[SOLVED] Not able to use Embedding Layer with tf.distribute.MirroredStrategy

Not able to use Embedding Layer with tf.distribute.MirroredStrategy

I am trying to parallelize a model with embedding layer, on tensorflow version 2.4.1 . But it is throwing me the following error :

InvalidArgumentError: Cannot assign a device for operation sequential/emb_layer/embedding_lookup/ReadVariableOp: Could not satisfy explicit device specification '' because the node {{colocation_node sequential/emb_layer/embedding_lookup/ReadVariableOp}} was colocated with a group of nodes that required incompatible device '/job:localhost/replica:0/task:0/device:GPU:0'. All available devices [/job:localhost/replica:0/task:0/device:CPU:0, /job:localhost/replica:0/task:0/device:XLA_CPU:0, /job:localhost/replica:0/task:0/device:XLA_GPU:0, /job:localhost/replica:0/task:0/device:GPU:0]. 
Colocation Debug Info:
Colocation group had the following types and supported devices: 
Root Member(assigned_device_name_index_=2 requested_device_name_='/job:localhost/replica:0/task:0/device:GPU:0' assigned_device_name_='/job:localhost/replica:0/task:0/device:GPU:0' resource_device_name_='/job:localhost/replica:0/task:0/device:GPU:0' supported_device_types_=[CPU] possible_devices_=[]
GatherV2: GPU CPU XLA_CPU XLA_GPU 
Cast: GPU CPU XLA_CPU XLA_GPU 
Const: GPU CPU XLA_CPU XLA_GPU 
ResourceSparseApplyAdagradV2: CPU 
_Arg: GPU CPU XLA_CPU XLA_GPU 
ReadVariableOp: GPU CPU XLA_CPU XLA_GPU 

Colocation members, user-requested devices, and framework assigned devices, if any:
  sequential_emb_layer_embedding_lookup_readvariableop_resource (_Arg)  framework assigned device=/job:localhost/replica:0/task:0/device:GPU:0
  adagrad_adagrad_update_update_0_resourcesparseapplyadagradv2_accum (_Arg)  framework assigned device=/job:localhost/replica:0/task:0/device:GPU:0
  sequential/emb_layer/embedding_lookup/ReadVariableOp (ReadVariableOp) 
  sequential/emb_layer/embedding_lookup/axis (Const) 
  sequential/emb_layer/embedding_lookup (GatherV2) 
  gradient_tape/sequential/emb_layer/embedding_lookup/Shape (Const) 
  gradient_tape/sequential/emb_layer/embedding_lookup/Cast (Cast) 
  Adagrad/Adagrad/update/update_0/ResourceSparseApplyAdagradV2 (ResourceSparseApplyAdagradV2) /job:localhost/replica:0/task:0/device:GPU:0

     [[{{node sequential/emb_layer/embedding_lookup/ReadVariableOp}}]] [Op:__inference_train_function_631]

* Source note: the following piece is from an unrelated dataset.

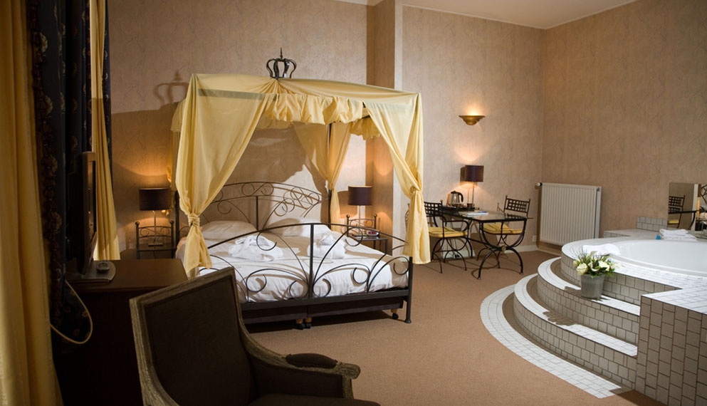 De romantische Luxe Suite bevindt zich op de eerste etage van het Paleis. Deze riante suite is voorzien van 1 tweepersoons boxspringbed, flatscreen televisie, wifi, telefoon, wekker, koffie- en theefaciliteiten, badjas, slippers en badkamer met bad, douche, toilet, wastafel, haardroger en toiletartikelen.

Simplified the model to a basic model to make it reproducible :

import tensorflow as tf
central_storage_strategy = tf.distribute.MirroredStrategy()
with central_storage_strategy.scope():
  user_model = tf.keras.Sequential([
       tf.keras.layers.Embedding(10, 2, name = "emb_layer")
     ])
user_model.compile(optimizer=tf.keras.optimizers.Adagrad(0.1), loss="mse")
user_model.fit([1],[[1,2]], epochs=3)

Any help will be highly appreciated. Thanks !

Solution

So finally I figured out the problem, if anyone is looking for an answer.

Tensorflow does not have complete GPU implementation of Adagrad optimizer as of now. ResourceSparseApplyAdagradV2 operation gives error on GPU, which is integral to embedding layer. So it can not be used with embedding layer with data parallelism strategies. Using Adam or rmsprop works fine.